- Official DVD cover
- Directed by: John Hough
- Written by: Douglas Clegg (novel) Randall Frakes
- Produced by: Brian R. Etting
- Starring: Patsy Kensit Patrick Muldoon Damian Chapa Amy Locane
- Cinematography: Jacques Haitkin
- Music by: Harry Manfredini
- Distributed by: Artisan Entertainment
- Release date: March 26, 2001; (Finland)
- Running time: 92 minutes
- Country: United States
- Language: English

= Bad Karma (2001 film) =

Bad Karma is a 2001 film directed by John Hough. Patsy Kensit stars as a mental patient who believes she is the reincarnated lover of Jack the Ripper, and that her psychiatrist (Patrick Muldoon) is the reincarnated mass murderer.
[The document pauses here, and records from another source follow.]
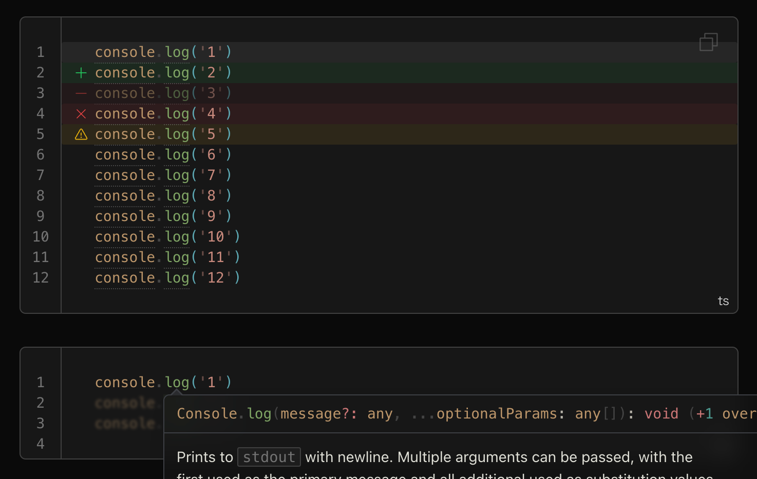 console.log('5') // [!code warning]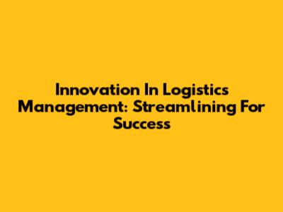 Innovation In Logistics Management: Streamlining For Success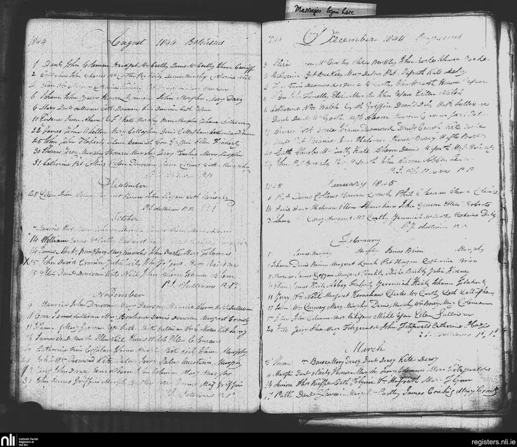 Clountead, Ballingarry and Ballymartle; County of Cork; Diocese of Cork and Ross. Baptisms, Aug. 1844 to Mar. 1845
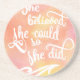 A motivational She Believed She Could So She Did typography on a watercolour background.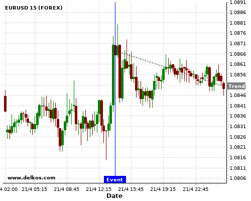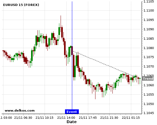 Если показатель меньше чем консенсус экономистов существует 83.33% вероятность того, что EURUSD будет падать после новостного события.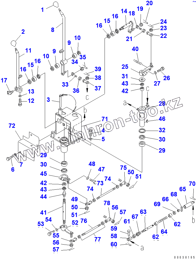Каталог запасных частей к технике: Komatsu D355C-3. TOWING WINCH CONTROL LEVER (1/2)

Damian Chapa and Amy Locane are also in the film, which is adapted by Randall Frakes from the 1997 Douglas Clegg novel of the same name.

==Plot==
A female mental patient (Patsy Kensit) believing she is the reincarnated soul mate of Jack the Ripper, terrorizes her psychiatrist (Patrick Muldoon), whom she believes is her reincarnated lover. Determined to find her man, and willing to use her sensuality to get to him, she breaks out of the mental institution and is determined to, at any cost, free him of his wife (Amy Locane) and young daughter to restart their previous work as mass murderers, and lovers.

==Production==
===Filming===
The film was released as Hell's Gate in the United States and was filmed on location in Galway, Ireland. The nude scenes of Amy Huberman's character were actually performed by Zoe Paul.

==Release==
===Home media===
The film was released on DVD on July 23, 2002, on Region 1 in English.